世界保健機関(WHO)は、脳の健康を、考える、感じる、人と関わる、行動する、体を動かすといった幅広い脳機能の状態として説明しています。病気があるかどうかだけでなく、生涯を通してその人が能力を発揮できることも含まれます。
脳は記憶や学習に加え、感覚、感情、運動、周囲とのコミュニケーションにも関わっています。安全な環境、学ぶ機会、人とのつながり、必要なサービスを利用できるかどうかも、脳の健康を考える際の要素です。
世界脳の日では、医療関係者だけでなく、患者団体や地域社会などにも参加が呼びかけられています。脳の健康を個人だけの問題にせず、周囲の環境や支援との関係から考えることも、記念日の目的につながります。
世界脳の日に何かすることはある?
世界脳の日に決まった過ごし方はありません。
関心を持ったときは、まず毎年の公式テーマを知ることから始められます。2026年であれば、脳の健康に関する医療や支援へたどり着きにくい人がいることや、地域によって利用できるサービスに差があることへ目を向ける機会になります。

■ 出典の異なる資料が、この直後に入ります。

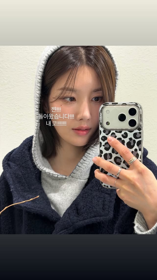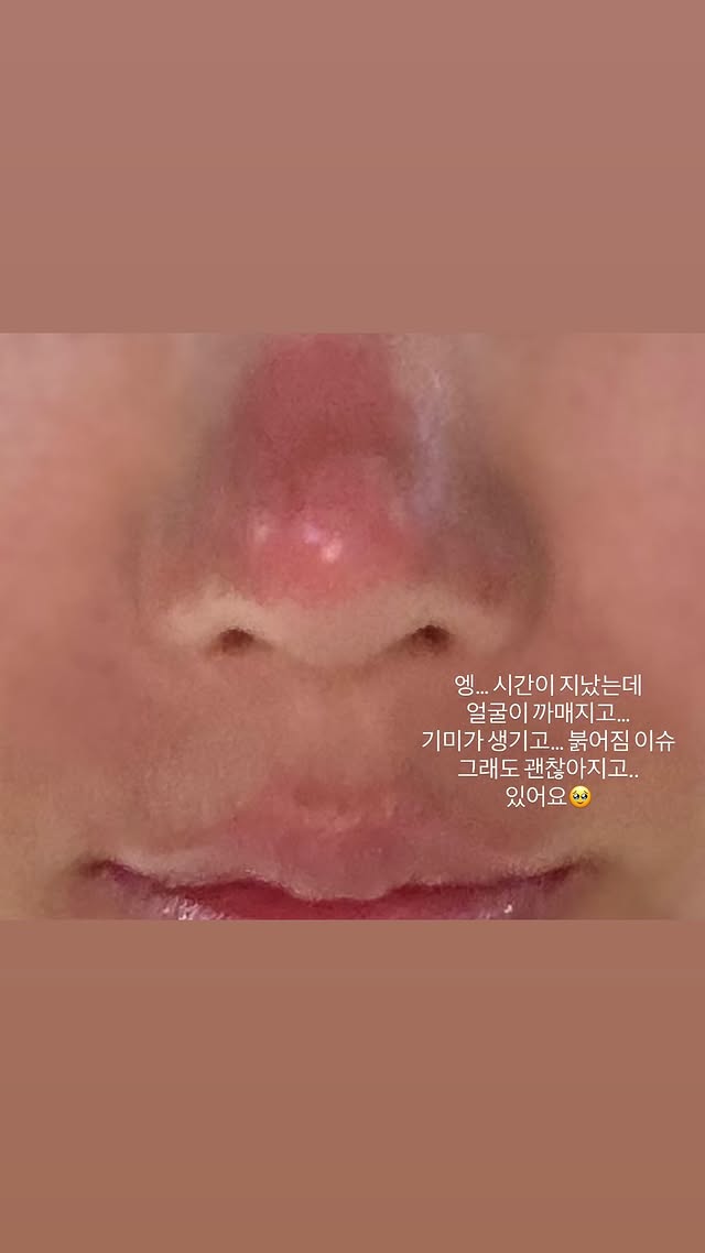 曝光的照片中可見,權恩妃的鼻子與上唇部位明顯泛紅、受損。她表示,這段期間每天都按時擦藥、盡量遮擋,但隨著時間推移,臉部仍出現變黑、長斑與泛紅的情況,所幸經過持續治療,「狀況正在慢慢好轉」。她也在最後一張照片中開心寫下「我的鼻子回來了」,曬出接受皮膚科治療後逐步恢復的模樣,報平安之餘也讓粉絲鬆一口氣。
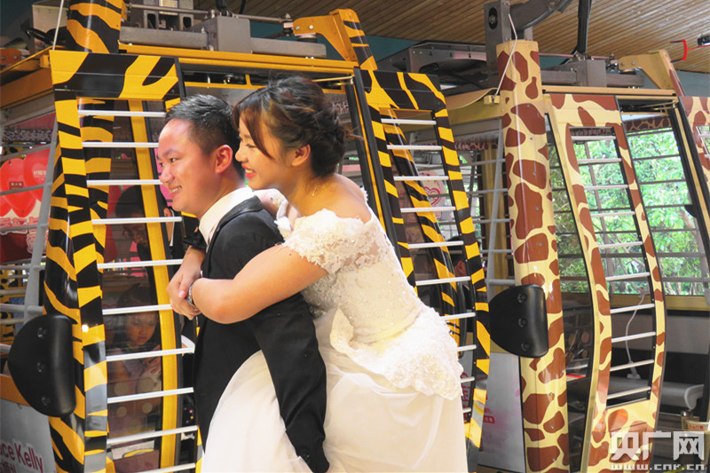 坐著纜車,看著下面的河馬、長(zhǎng)頸鹿等野生動(dòng)物,新人們顯得格外興奮,互相拿手機(jī)拍照。最浪漫的事,或許就是生命中最重要的時(shí)刻,有你在身旁吧!
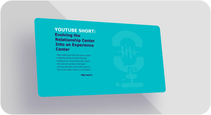 YOUTUBE SHORT: Evolving the Relationship Center Into an Experience Center “We make sure that we have a clear understanding of what the real needs of our consumers are. That's why we set up clear and open communication with them even in the times when there is no trouble.” - Filip Popovic
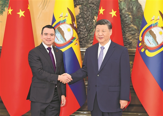 6月27日上午,国家主席习近平在北京人民大会堂会见来华出席夏季达沃斯论坛的厄瓜多尔总统诺沃亚。新华社记者 黄敬文 摄
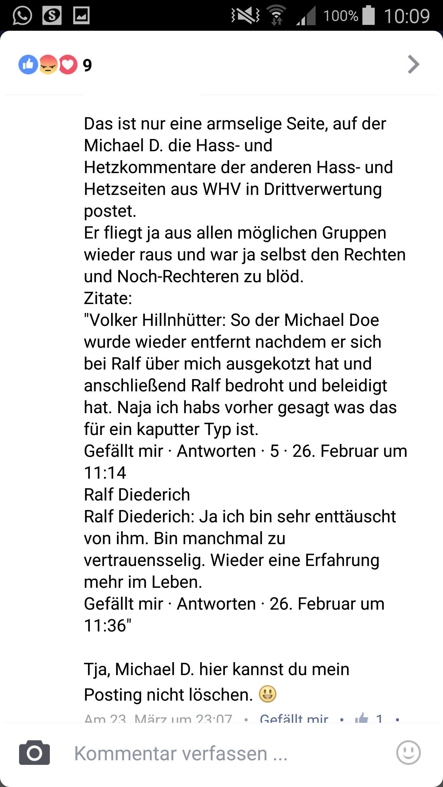 Als Beobachter trat außerdem der Kopf der Wilhelmshavener„Bürgerwehr“, Ralf Diederich auf. Auch mit der „Bürgerwehr Wilhelmshaven“ gerieten die Organisator*innen der „deutschen Revolution“ im Vorfeld in Streit.
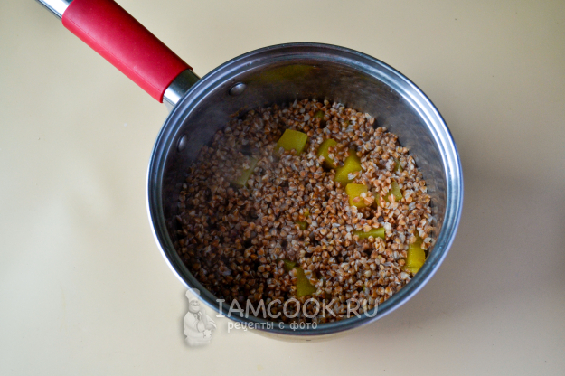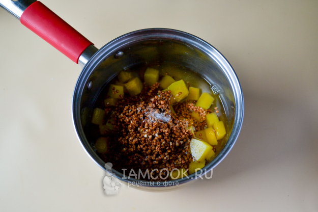 Гречневую крупу промойте в нескольких водах. Промытую крупу положите в сотейник с тыквой. Влейте горячую воду, посолите. Поставьте на огонь.
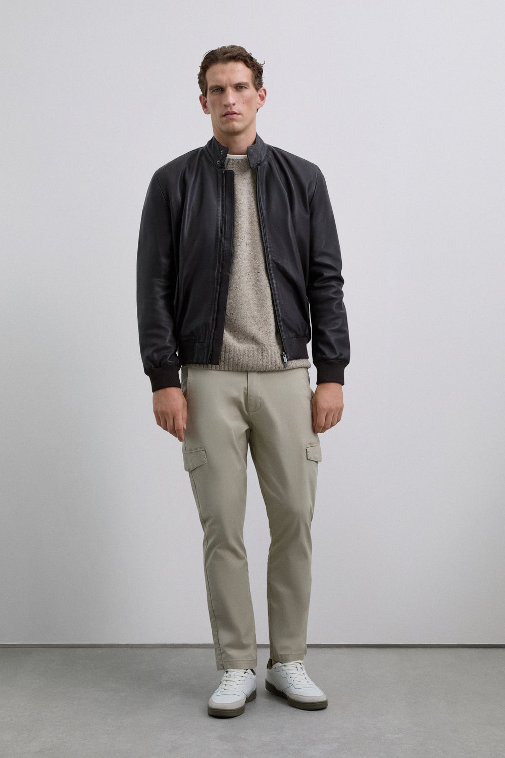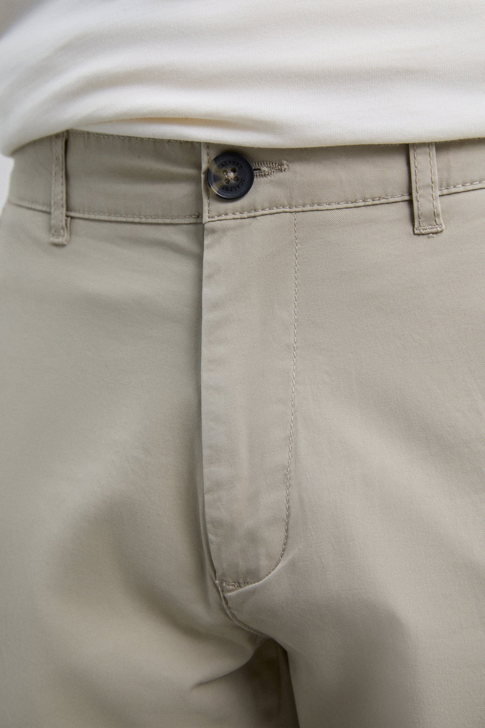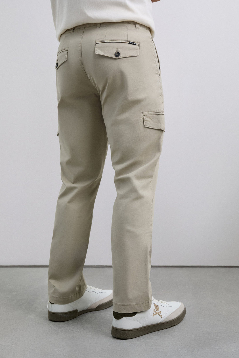 Cargo trousers made of BCI cotton. Slim fit. Two front pockets, back pockets with button fastening and side flap pockets. Belt loops and button and zip fastening. Embroidered logo on the back pocket.
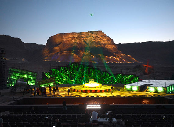 « Oh gioia »1. Un paysage minéral, stérile, brûlant… et, magie, un opéra improbable, venu de nulle part : 7600 places, 3000 m2 de scène. Nous sommes au pied de Massada, forteresse d'Hérode, surplombant la Mer morte. L'Opéra d'Israël s'y installe (pour en repartir) depuis plusieurs années et y présente un opéra susceptible de drainer le plus large public, un peu comme Vérone ou Bregenz en sont devenus les meilleures illustrations.
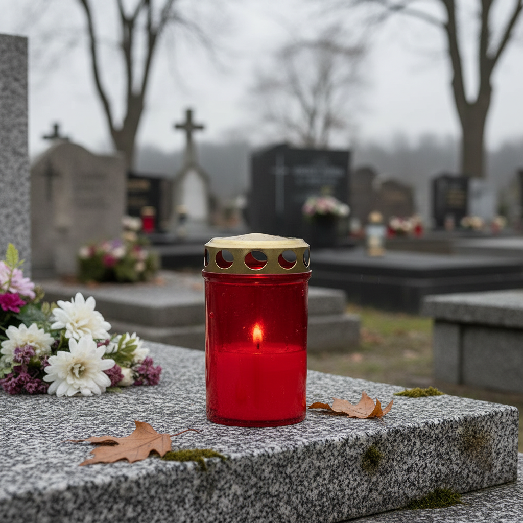 Žvakes taip pat galite panaudoti mirusiųjų sekmadieniui ir Vėlinėms ir taip išreikšti liūdesio jausmą. Žinoma, galite lengvai nuimti auksinį metalinį gedulo žvakių dangtelį, kad būtų sukurtas gedulo dizainas, kad žvakių šviesa atskleistų visą savo efektą ir būtų naudojama labai individualiam gedulo papuošalui. Užpildomos žvakės taip pat tinka kiekvienam kapo žibintui ir dėl paprastos konstrukcijos dera prie kiekvieno dizaino.

世界神経学連合が公開している情報を読んだり、関連する講演やイベントを調べたりする方法もあります。家族や友人との会話で、その年のテーマを話題にするだけでも、脳や神経について知るきっかけになるでしょう。
脳の健康について調べる際は、世界保健機関、行政機関、専門学会など、情報の発信元が明確な資料を確認すると安心です。
Q&A
まとめ
7月22日の世界脳の日は、世界神経学連合が1957年の同日に設立されたことに由来します。最初の活動が行われたのは2014年です。
毎年テーマが変わり、脳や神経に関する病気、予防、障害、年齢、支援を受けられる環境など、その年に広く知ってほしい課題が取り上げられます。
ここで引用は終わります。